I have been studying and developing an LDA algorithm for classification of sentences since 2022. Sentence-level topic classification allows us to analyze association between topics and other properties such as sentiments within documents. Also, sentence-level analysis has become more common in text analysis in general thanks to highly capable transformer models in recent years.
My research was published in a paper, Seeded Sequential LDA: A Semi-Supervised Algorithm for Topic-Specific Analysis of Sentences in Social Science Computer Review. In this co-authored paper, we applied Seeded Sequential LDA to classify sentences from speeches delivered by delegates at the United Nations General Assembly meetings and presented an example of topic-specific sentiment analysis. The plot shows how sentiment on security and development has been for countries from five world regions during the post-Cold War period. We measured sentiment using the Lexicoder Sentiment Dictionary for simplicity, but more sophisticated methods can be combined with topic analysis.
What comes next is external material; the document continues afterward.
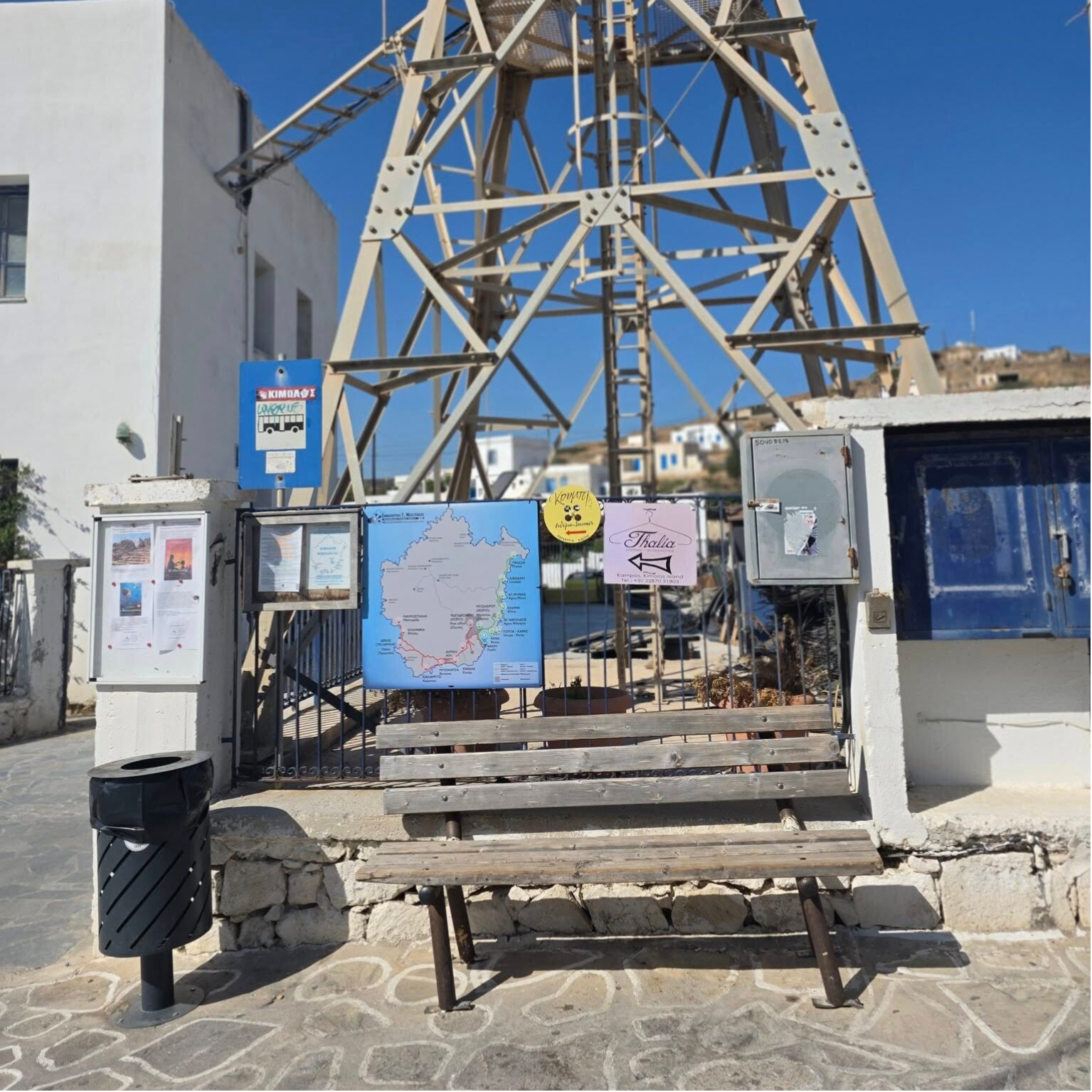 Mitt emot parkeringen ligger mycket trevliga Faros studios som du kan se från vägen. Vid parkeringen ligger också den ena av Choras två busshållplatser och ett av byns bagerier (öppnar för övrigt klockan 06.00 på morgonen).

Through above research, I found that it takes too long to analyze increasingly large corpora using LDA. To make topic modeling faster, I implemented algorithms for parallel computing and convergence detection in my seededlda package (v1.0). I tested the algorithms by running them to identify 100 topics in a corpus of 10,000 news articles and described the results in a working paper, Speed Up Topic Modeling: Distributed Computing and Convergence Detection for LDA.
The next plot shows the execution time fell sharply from 1 processor to 8 processors both in the sequential models (sequential = TRUE) and the non-sequential models thanks to parallel computing. When iterative Gibbs sampling is terminated on convergence (auto_iter = TRUE), the execution time become another 50% shorter in the non-sequential models (sequential = FALSE).
Faster sequential LDA algorithms are very useful not only for topic classification at the sentence-level but also for creation of sentence vectors as summaries of their content. Once sentence vectors are created, other machine learning methods could applied to the textual data easily.